> DATA PROVIDED:
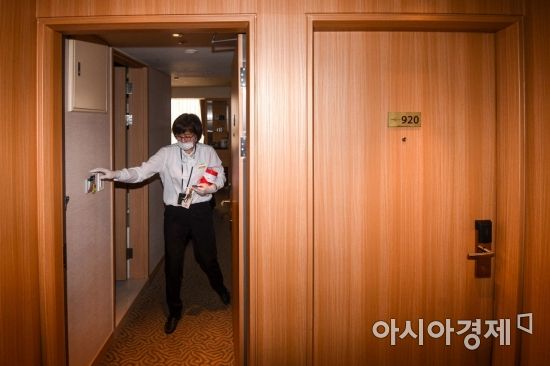 14일 서울 중구 서미트호텔에서 호텔 직원이 객실 내부를 방역하고 있다./강진형 기자aymsdream@
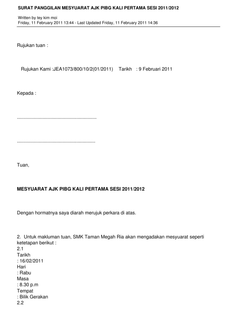 Contoh surat permohonan mesyuarat agung pibg. Surat panggilan mesyuarat kantin kali pertama 2011. Contoh surat panggilan mesyuarat 2 contoh surat rasmi jemputan gotong royong christmas pix.
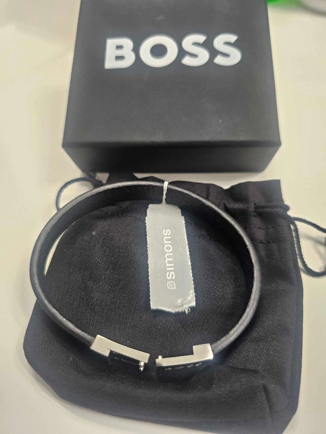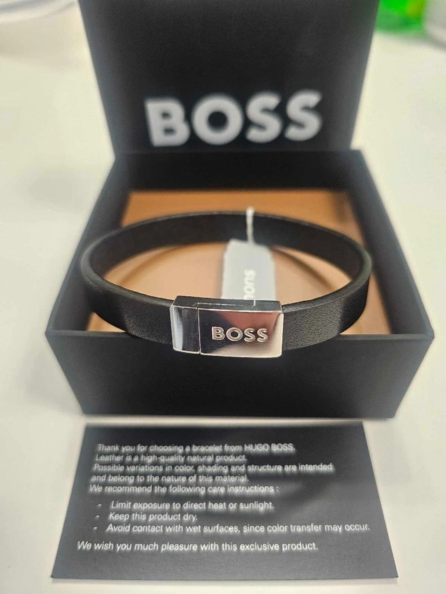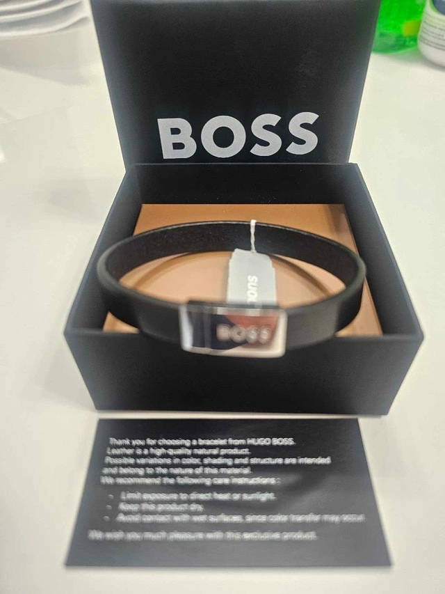 Elevate your style with this genuine Hugo Boss Lander bracelet (model 1580178M). Crafted from premium black braided leather with a polished stainless steel bar clasp engraved with the iconic "BOSS" logo. Magnetic closure makes it super easy to wear, and it's adjustable for a comfy fit (medium size, ~19cm/7.5" wrist). Condition: New. Cash accepted.
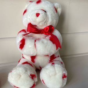 Bundle includes both the Retired 2003 Build a Bear Hearts of Plenty Magnetic Paws and Mouth Limited Edition Plush Toy Bear white with red hearts AND the Red Heart Shaped Pillow with a Secret Pocket for a surprise hidden small gift like money or ring.
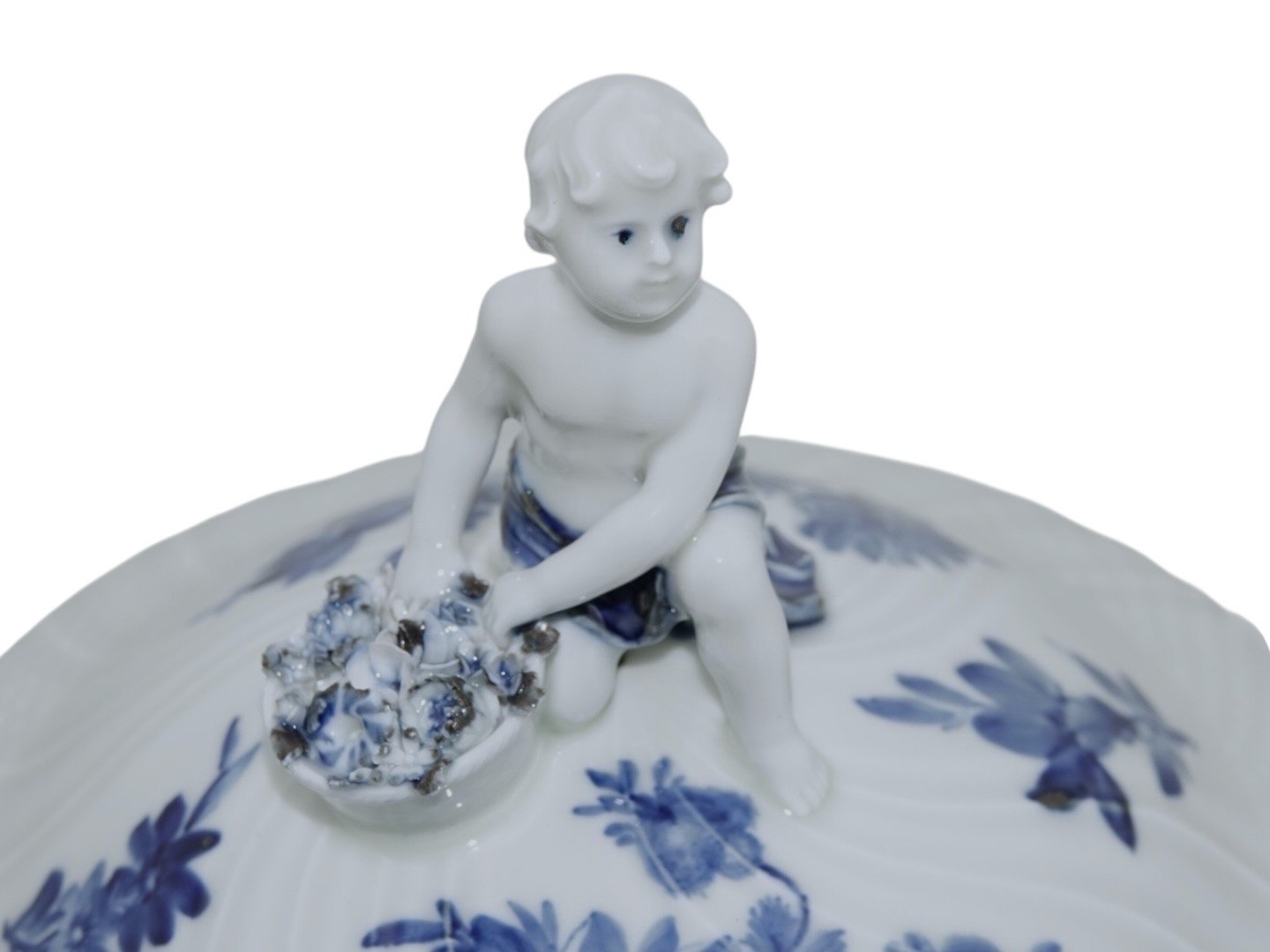 Royal Copenhagen Blue Flower Curved, round soup tureen with boy holding a flower basket.
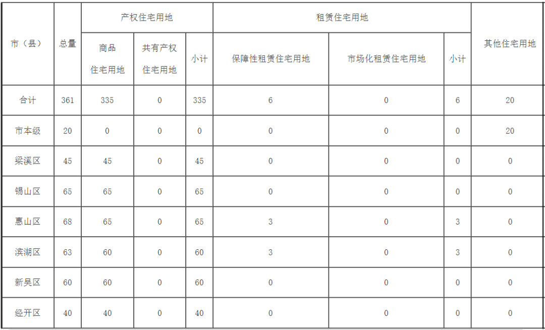 梁溪区土地供应272公顷,其中商品住宅用地45公顷,工矿仓储用地59公顷,公共管理与公共服务用地89公顷,交通运输用地34公顷;
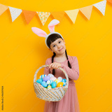 spring cheerful girl with rabbit ears on her head with basket colored eggs in her hands on a yellow background.
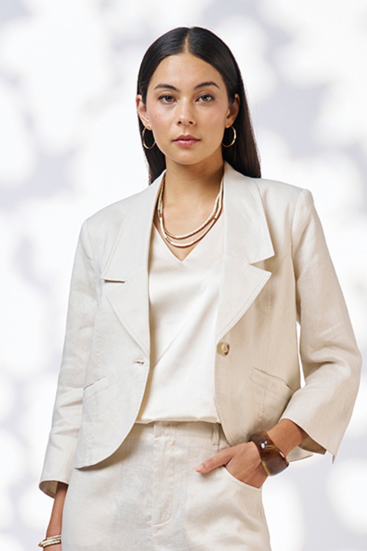 Cropped, linen jacket with a back peplum and rounded front hem. Statement embroidery adds detail and elevates the styling.
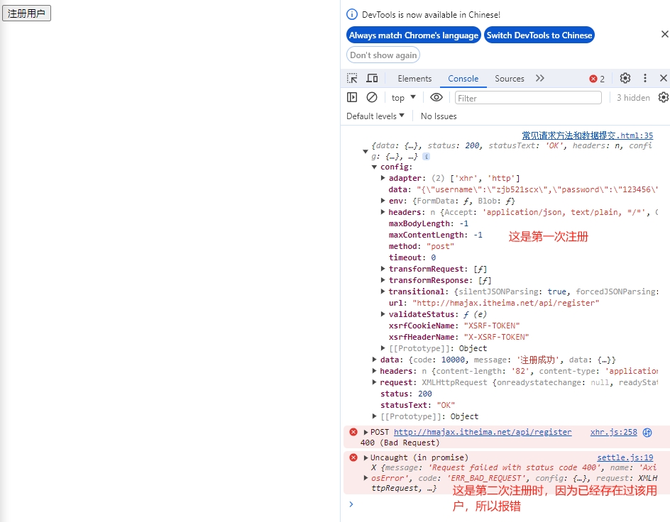 目标:点击按钮,通过axios提交用户和密码,完成注册
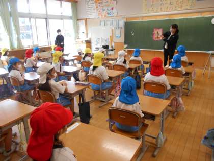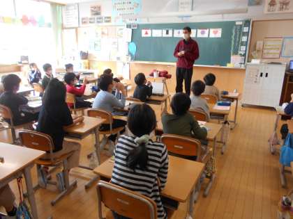 左は3年生の外国語活動、中は1年生が朝活動を利用して、「グー・ペタ・ピン」のよい姿勢について養護教諭から指導を受けているところです。先日の学校保健委員会で学んだことを委員会の子供を中心に全校へ広げます。
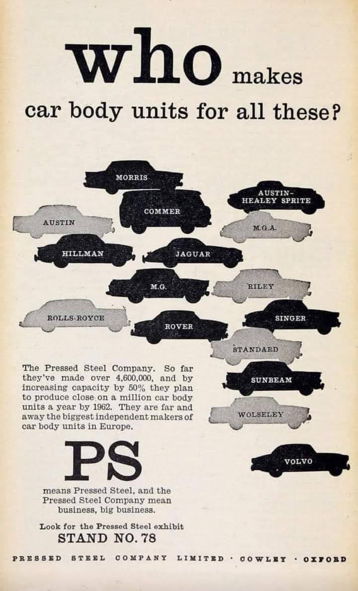 Pressed Steel Company Ltd, of Cowley - advert from around 1960. - They mention what they hope to achieve in 1962.
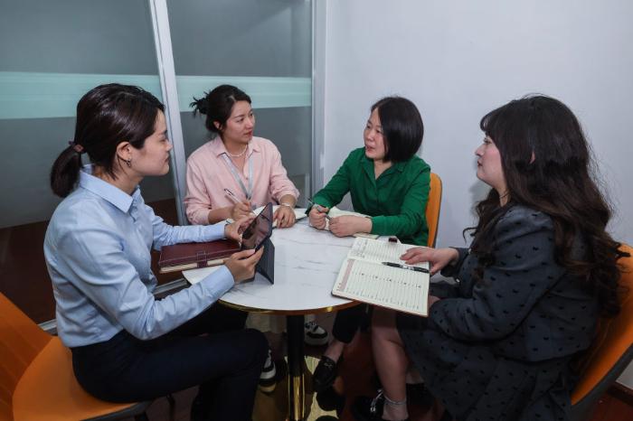 2025年4月17日,在浙江星程吉月智能科技有限公司,浙江杭州市富陽經(jīng)濟(jì)技術(shù)開發(fā)區(qū)助企服務(wù)專員(左二)、富陽農(nóng)商銀行工作人員(左一)上門解決企業(yè)融資需求。新華社記者 徐昱 攝
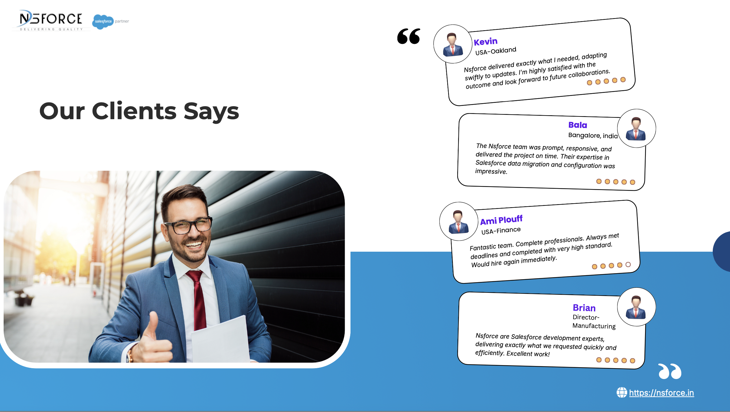 About Nsforce Software Pvt Ltd Nsforce is a Salesforce Consulting Partner delivering scalable, high-quality CRM solutions for startups to enterprises. We specialize in Salesforce implementation, customization, and optimization using an agile delivery model for faster time-to-value. Our team partners closely with clients to align Salesforce solutions with business goals, driving adoption, ROI, and long-term growth.####Professional Services##- Salesforce Sales, Service, Marketing & Industry Clouds##- Custom Development (Apex, Visualforce, LWC)##- Marketing Cloud setup, automation & optimization##- Field Service Lightning (FSL) implementation##- Salesforce CPQ, Billing & Revenue Cloud##- Managed Package implementation, integration & configuration##- Experience Cloud design & development##- Agentforce CRM Analytics##- Dedicated Salesforce support & maintenance
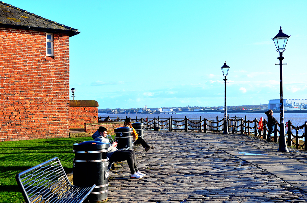 도시 중심가와 리버풀 항구를 가르는 대로를 건너서 리버풀 항구로 들어선다.

> WORK INSTRUCTIONS:
Find the line with "Elevate your style" in the entries above. Set down exactly every line from it up to and including the line with "目标:点击按钮,通过axios提交用户和密码,完成注册", images excluded.

> RESULT:
 Elevate your style with this genuine Hugo Boss Lander bracelet (model 1580178M). Crafted from premium black braided leather with a polished stainless steel bar clasp engraved with the iconic "BOSS" logo. Magnetic closure makes it super easy to wear, and it's adjustable for a comfy fit (medium size, ~19cm/7.5" wrist). Condition: New. Cash accepted.
 Bundle includes both the Retired 2003 Build a Bear Hearts of Plenty Magnetic Paws and Mouth Limited Edition Plush Toy Bear white with red hearts AND the Red Heart Shaped Pillow with a Secret Pocket for a surprise hidden small gift like money or ring.
 Royal Copenhagen Blue Flower Curved, round soup tureen with boy holding a flower basket.
 梁溪区土地供应272公顷,其中商品住宅用地45公顷,工矿仓储用地59公顷,公共管理与公共服务用地89公顷,交通运输用地34公顷;
 spring cheerful girl with rabbit ears on her head with basket colored eggs in her hands on a yellow background.
 Cropped, linen jacket with a back peplum and rounded front hem. Statement embroidery adds detail and elevates the styling.
 目标:点击按钮,通过axios提交用户和密码,完成注册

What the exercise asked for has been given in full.